Overall, the optics of the visit have been predictable. Two leaders have engaged in a show of comraderie complete with hugs, smiles and lavish praise for each other. Trump said, and perhaps rightly so, that the relations between the two countries have never been as good as they are now. Beyond the symbolism and the photo-ops of the Modi-Trump hugs and the much talked about chemistry, the growing Indo-US closeness is taking the shape of a long term strategic partnership.
Interestingly, Trump initially didn’t publicly raise Kashmir as was widely anticipated. But later during the press briefing he did bring up Kashmir, offering once again to mediate between India and Pakistan over the issue. He said if there was anything he can do about the issue, he will do. But in saying so, he showed due deference to New Delhi’s sensitivities and didn’t press the issue as strongly as he used to do.
If anything the two-day visit of Trump has signaled that India may have eventually put the fallout of its Kashmir action behind it.
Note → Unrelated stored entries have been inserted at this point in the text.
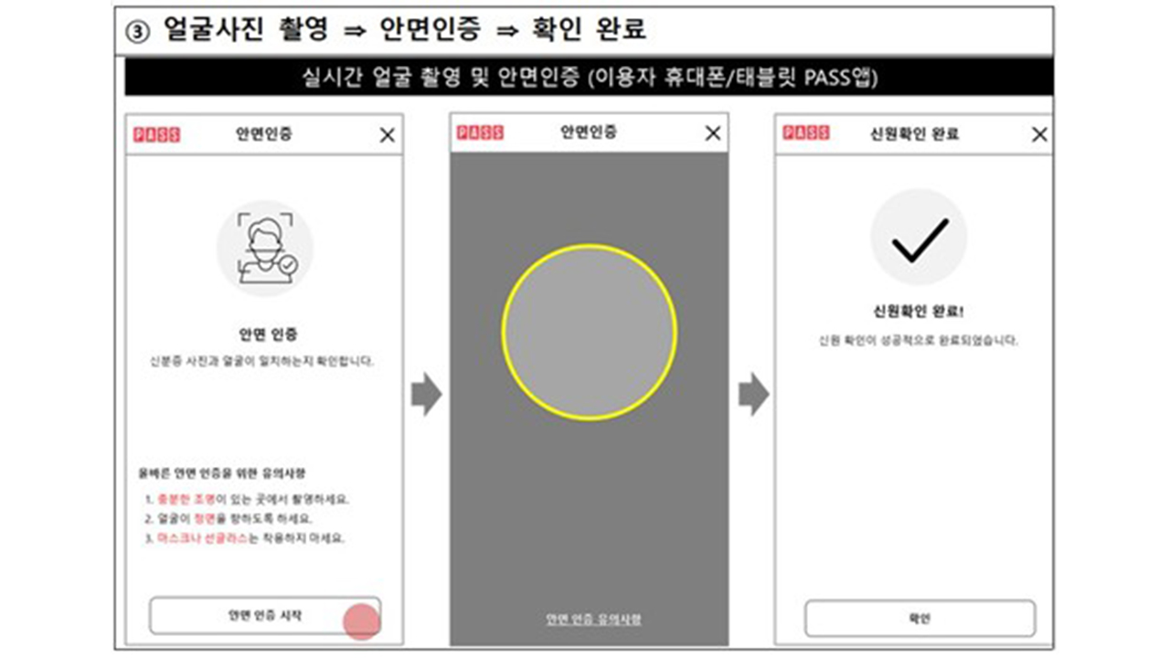 안면 인증 절차는 통신 3사가 운영하는 패스(PASS) 앱을 활용해 제공됩니다.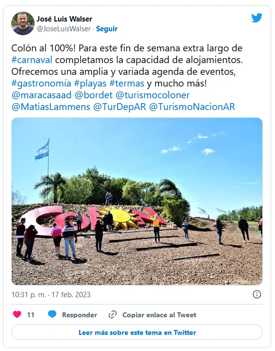 Al recorrer los trabajos de puesta en valor del clásico cartel de acceso a la Ciudad, elegido por miles de turistas para la clásica foto de recuerdo de Colón, el Intendente José Luis Walser expresó: “compartimos un poco con las familias y visitantes que nos eligen, quiero aprovechar también para agradecerles porque en este fin de semana de carnaval Colón está nuevamente al 100 por ciento” dijo el Intendente.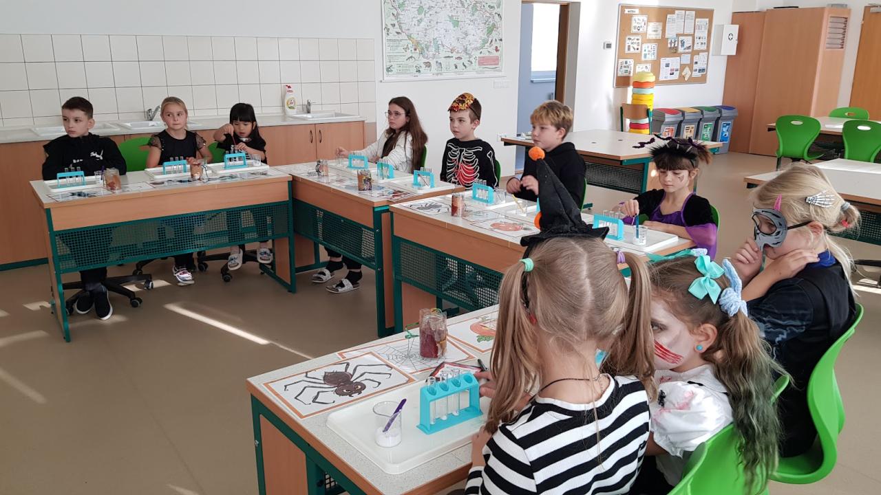 Žáci z 1. až 4. třídy si užili stále oblíbenější svátek Halloween. V družstvech, která vznikla promícháním dětí napříč třídami, si spojili výuku anglického jazyka s prožitkem při plnění pestrých úkolů.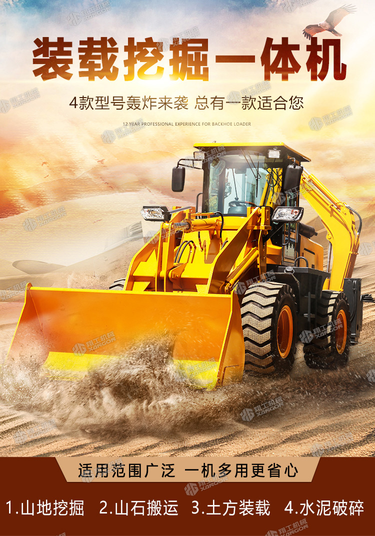 挖掘裝載一體機俗稱“兩頭忙”。因為它具有獨特的構(gòu)造,前端是裝載裝置,后端為挖掘裝置。在工地內(nèi),您只需要轉(zhuǎn)動一下座椅,即可完成從裝載機到挖掘機操作手角色的轉(zhuǎn)變?!皟深^忙”屬于小型多功能工程機械的一種,一般在大工程完成后的小工程中使用。它可配多種工作裝置及輔具,進行挖掘、鏟裝、路面破碎、平整場地、開挖溝渠、鋪設管道等多種作業(yè)。

True, Trump has raked up Kashmir on several occasions over the past six months and made repeated pitches for mediation between India and Pakistan over the region, but it hasn’t reflected forcefully in the US policy stance towards India. And as Trump’s two day stay in the country amply demonstrated, the optics and discourse were about a deepening bonhomie between the two nations and about the defence and trade deals.
US president’s muted mention of Kashmir has been emblematic of the global reaction to withdrawal of Article 370 in August last. From hereon it appears that the world’s attention on the region is unlikely to sustain if the situation in Kashmir doesn’t change dramatically. Up until now, New Delhi has been able to largely maintain calm in the troubled UT by imposing security lockdown and communication blackout, now partially eased. In addition, the government has also arrested the major political and civil society leaders. This has made it difficult for the protests to be organized explaining, in part, why New Delhi has so far resisted the pressure from the international community to fully restore the internet in the UT. But with Trump visit turning out to be hugely successful, New Delhi should further ease the restrictions in Kashmir and give an opportunity to businesses in the region to function smoothly.